Paulo Henrique detalhou as últimas etapas na batalha pelo pagamento dos precatórios, “O primeiro momento foi de decisão administrativa. Foi então trabalhado um projeto de lei, e nós [Sinteal] pudemos revisar o texto final da minuta. Ficamos em uma encruzilhada porque era desejo nosso enquanto sindicato, e também da gestão, que fossem inclusos os companheiros servidores do apoio administrativo, que tiveram os mesmos prejuízos na época, mas existiu o impedimento legal pelo fato de a decisão contemplar 60% aos professores. Tivemos que consultar a categoria, foi um momento difícil, mas tivemos que acatar os termos da decisão judicial. A partir daí, o próximo passo é ir à Justiça estadual, onde faremos a tentativa da homologação do acordo. Sabemos que o MPF vai tentar atuar, mas nós temos uma base muito forte, que é a decisão liminar, e temos uma grande esperança de que vai ser homologado. A partir daí, sim, o pagamento pode ser feito”.

Paulo Henrique fez críticas à atuação do Ministério Público Federal neste processo, “O MPF é um dos grandes empecilhos, não só em Arapiraca, mas a atuação no estado de Alagoas é até diferente de outros estados.
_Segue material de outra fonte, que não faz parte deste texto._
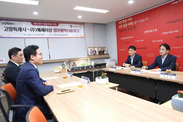 [정도일보 김현섭 기자] 고양특례시는 국내 대표 전시 주최사 ㈜메쎄이상(대표 조원표)이 지자체와는 최초로 출산 장려 활성화 및 건강한 양육 문화 조성을 위해 손을 잡았다고 밝혔다.

O MPF de Alagoas persegue essa questão dos precatórios como quem persegue um criminoso. Já tivemos momentos de reuniões com procuradores e membros do TCU, e são firmes em dizer que se ouvirem ou souberem de algum Município que estiver tentando fechar acordo ou fazer este pagamento, eles vão até o município e atuarão fortemente para que não aconteça”.

O sindicalista explica ainda por que se espera que a causa seja resolvida no âmbito estadual, ainda que a verba tenha origem federal. “É um recurso que já está em conta. Ele veio através de uma ação judicial, não é uma transferência constitucional imediata, como as verbas do Fundeb [Fundo de Manutenção e Desenvolvimento da Educação Básica e de Valorização dos Profissionais da Educação], e é passível de processo na justiça estadual, como já existe outra situações que foram resolvidas desta forma”.

Paulo Henrique falou ainda da presença do Sinteal nos protestos previstos para esta terça (13/08), organizados em todo território nacional. Em Alagoas, há ainda outra motivação para manifestação dos servidores da Educação estadual. “Aqui em Arapiraca, irá ocorrer um ato, teremos companheiros do sindicato acompanhando. A rede estadual está numa mobilização para levar esses companheiros para o ato de Maceió, pelo fato de o governo Renan Filho, além de negar praticamente todos os direitos que nós da Educação temos, ele sequer abriu um diálogo com a categoria dos servidores públicos do Estado. Já existiram três mobilizações. Então, em Maceió, teremos um ato no Cepa, para tentar conseguir esse diálogo tanto com o secretário da Educação [Luciano Barbosa] quanto com Renan Filho, que até o momento está virando as costas para o serviço público do estado de Alagoas”.